Не дожидаясь их ответа, я подозвал официанта:

– Любезнейший, подайте нам сладких пирогов и пирогов сытных, принесите горячего супу с луком и бараниной, буженины, лососины, свежих ягод и фруктов, какие у вас имеются, шампанского с сыром, только не овечьим, а то я никак не могу приспособиться к его аромату, – тут я вспомнил Жанну с сестрой и уставленный сластями стол между ними, вспомнил старика из лавки поделок из камня, припасшего для Тоши леденец. Я подмигнул дочери Лигеи и уверенно продолжил. – Затем несите мороженое, лимонад и самые красивые пирожные, какие только существуют на свете. Я ничего не запамятовал? Что бы вы еще желали отведать?

– Довольно, я не голодна, – запротестовала Лигея. – Тоша хотела кушать, поэтому мы сюда и заглянули. Неловко стеснять вас, мы можем себе позволить…

Я не дал ей договорить.

– Как офицер и дворянин считаю своим долгом возместить вам время, проведенное в моем обществе, ведь я буквально свалился вам словно снег на голову. Пусть обед станет моим извинением. Для меня же нет большего счастья, чем приятный разговор в хорошей компании.

Уверившись, что я и впрямь ничего не прошу, вдова понемногу избавлялась от скованности. Лигея оказалась прекрасной собеседницей, чуткой, простой и одновременно изысканной, что сложно было ожидать от обитательницы бедных кварталов, но легко и естественно от поэта. Я сам не заметил, как принялся рассказывать ей свои фронтовые истории, перемежая их описанием городов и сел, в которых успел побывать за время военной кампании, давая портеры людей, с которым свела меня война. Вдова внимала с легкой полуулыбкой, порой просила дополнительных разъяснений или выспрашивала детали, а если я вдруг терялся, подхватывала нить повествования, подсказывая мне верные слова. Я не сомневался, что она запоминает мои рассказы, чтобы после положить их на рифму, и это очень мне льстило.
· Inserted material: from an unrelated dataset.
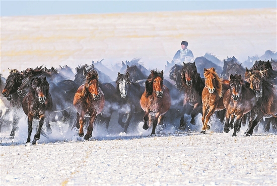 12月12日,東烏珠穆沁旗的牧民在雪原上馴馬。冬季內(nèi)蒙古錫林郭勒盟東烏珠穆沁旗的草原被白雪覆蓋,牧民趕著馬群在雪原上馴馬,為八方游客呈現(xiàn)了駿馬奔騰的壯觀景象。新華社記者 彭源 攝

Общество Лигеи позволило мне ненадолго забыться. Когда мы покидали ресторанчик, даже Тоша, разомлевшая от обилия сластей, сменила гнев на милость и позволила посадить себя на коня, которого я вел в поводу. Я проводил вдову с дочерью до дома, где они снимали меблированные комнаты. Этот дом был совсем не похож на жилища, виденные мною в бедном квартале: чистенький, аккуратный, с фасадом, украшенным изображением золотых лоз на темно-голубом фоне, набранным кусочками цветного стекла. Мозаика весело играла на солнце, над ажурным крыльцом нависал кованый балкончик, покрытый позолотой. Я представил, как с этого балкончика Лигея дает свои выступления, как устремляется ввысь ее крылатый голос, а сама она будто воспаряет над толпой. Просить вдову читать стихи я не осмелился, хотя до последней минуты надеялся, что она смилостивится и расскажет хотя бы пару строк, и оттого медлил уходить. Но моим надеждам не суждено было сбыться. Верно, я не смог скрыть разочарования, потому что Лигея сказала:

– Мне кажется, вы считаете меня лгуньей. Однако я ничуть не кривила душой, говоря, что не помню своих стихов. Я отдала их ученику, все до единого. Отныне они принадлежат ему, он читает их друзьям или же вообще не читает никому, замкнув их в ларце из тишины. Но я не жалею ничуть. Я неустанно благодарю Создателя за дар поэзии, которым он меня наградил. Этот дом, и учителя для Тоши, и все наше благополучие зависят от моего дара. Пока я живу, пока дышу, пока вновь и вновь могу учиться рифмовать, нам с дочерью не страшна нищета. Нам не приходится обменивать счастливые моменты жизни на кусок хлеба, не приходится раздаривать сокровенные переживания за крышу над головой. Мой талант позволяет нам отсрочить путь в Оblivion и жить, помня каждый прожитый день, точно бесценный дар свыше.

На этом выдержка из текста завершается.